*Brief*: Take nothing but the lines from the one with "Wir starteten mit" through the one with "Bloemtubes Glas 2" in the entries below, both ends kept, and return them exactly with pictures left out.

*Material supplied*:
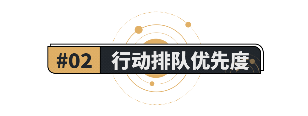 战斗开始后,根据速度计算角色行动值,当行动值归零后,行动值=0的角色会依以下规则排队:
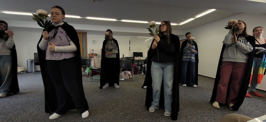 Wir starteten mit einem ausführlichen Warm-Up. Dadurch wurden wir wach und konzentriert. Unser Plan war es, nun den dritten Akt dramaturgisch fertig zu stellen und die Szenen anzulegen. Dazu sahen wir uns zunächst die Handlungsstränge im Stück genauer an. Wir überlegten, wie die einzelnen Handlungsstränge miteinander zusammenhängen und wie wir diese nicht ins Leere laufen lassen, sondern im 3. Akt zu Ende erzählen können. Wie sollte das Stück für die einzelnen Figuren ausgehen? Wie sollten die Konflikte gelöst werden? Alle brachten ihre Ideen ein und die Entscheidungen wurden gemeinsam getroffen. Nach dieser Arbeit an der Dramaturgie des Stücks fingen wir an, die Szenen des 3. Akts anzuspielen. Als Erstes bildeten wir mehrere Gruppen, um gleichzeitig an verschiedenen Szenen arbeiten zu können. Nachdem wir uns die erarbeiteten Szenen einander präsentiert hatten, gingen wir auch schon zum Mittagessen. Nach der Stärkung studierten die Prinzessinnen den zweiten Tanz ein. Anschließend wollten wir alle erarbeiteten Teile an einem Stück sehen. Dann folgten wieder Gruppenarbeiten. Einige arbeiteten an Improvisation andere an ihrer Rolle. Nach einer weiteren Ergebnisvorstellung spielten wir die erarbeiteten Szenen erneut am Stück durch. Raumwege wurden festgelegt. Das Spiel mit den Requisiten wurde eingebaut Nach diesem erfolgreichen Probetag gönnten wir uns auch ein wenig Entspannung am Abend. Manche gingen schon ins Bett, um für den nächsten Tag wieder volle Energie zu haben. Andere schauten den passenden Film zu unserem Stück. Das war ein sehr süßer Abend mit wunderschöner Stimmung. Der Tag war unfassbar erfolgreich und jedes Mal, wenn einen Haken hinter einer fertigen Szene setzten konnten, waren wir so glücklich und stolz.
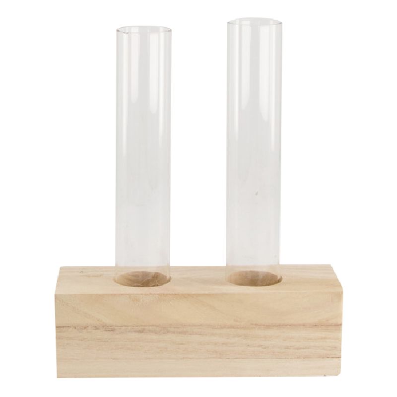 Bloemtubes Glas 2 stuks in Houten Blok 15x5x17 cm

--

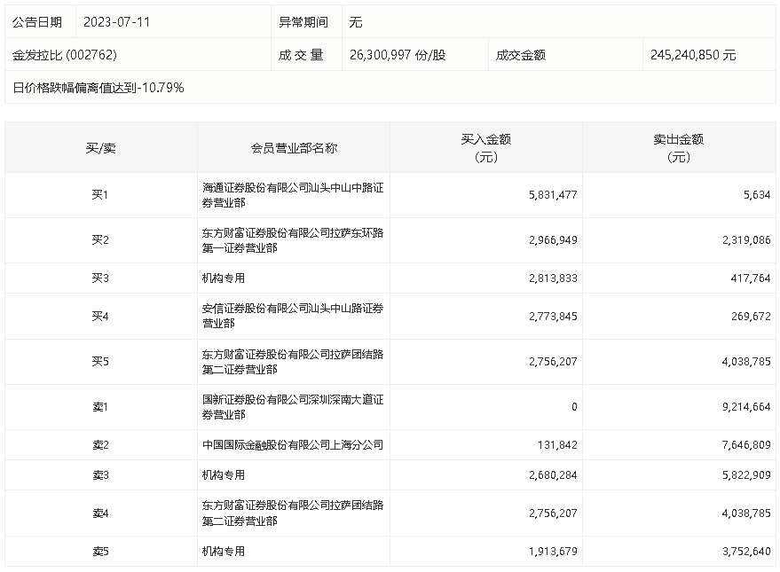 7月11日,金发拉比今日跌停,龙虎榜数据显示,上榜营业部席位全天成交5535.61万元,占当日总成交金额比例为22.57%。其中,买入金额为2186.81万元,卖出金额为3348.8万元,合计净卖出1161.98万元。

*Result of the task*:
 Wir starteten mit einem ausführlichen Warm-Up. Dadurch wurden wir wach und konzentriert. Unser Plan war es, nun den dritten Akt dramaturgisch fertig zu stellen und die Szenen anzulegen. Dazu sahen wir uns zunächst die Handlungsstränge im Stück genauer an. Wir überlegten, wie die einzelnen Handlungsstränge miteinander zusammenhängen und wie wir diese nicht ins Leere laufen lassen, sondern im 3. Akt zu Ende erzählen können. Wie sollte das Stück für die einzelnen Figuren ausgehen? Wie sollten die Konflikte gelöst werden? Alle brachten ihre Ideen ein und die Entscheidungen wurden gemeinsam getroffen. Nach dieser Arbeit an der Dramaturgie des Stücks fingen wir an, die Szenen des 3. Akts anzuspielen. Als Erstes bildeten wir mehrere Gruppen, um gleichzeitig an verschiedenen Szenen arbeiten zu können. Nachdem wir uns die erarbeiteten Szenen einander präsentiert hatten, gingen wir auch schon zum Mittagessen. Nach der Stärkung studierten die Prinzessinnen den zweiten Tanz ein. Anschließend wollten wir alle erarbeiteten Teile an einem Stück sehen. Dann folgten wieder Gruppenarbeiten. Einige arbeiteten an Improvisation andere an ihrer Rolle. Nach einer weiteren Ergebnisvorstellung spielten wir die erarbeiteten Szenen erneut am Stück durch. Raumwege wurden festgelegt. Das Spiel mit den Requisiten wurde eingebaut Nach diesem erfolgreichen Probetag gönnten wir uns auch ein wenig Entspannung am Abend. Manche gingen schon ins Bett, um für den nächsten Tag wieder volle Energie zu haben. Andere schauten den passenden Film zu unserem Stück. Das war ein sehr süßer Abend mit wunderschöner Stimmung. Der Tag war unfassbar erfolgreich und jedes Mal, wenn einen Haken hinter einer fertigen Szene setzten konnten, waren wir so glücklich und stolz.
 Bloemtubes Glas 2 stuks in Houten Blok 15x5x17 cm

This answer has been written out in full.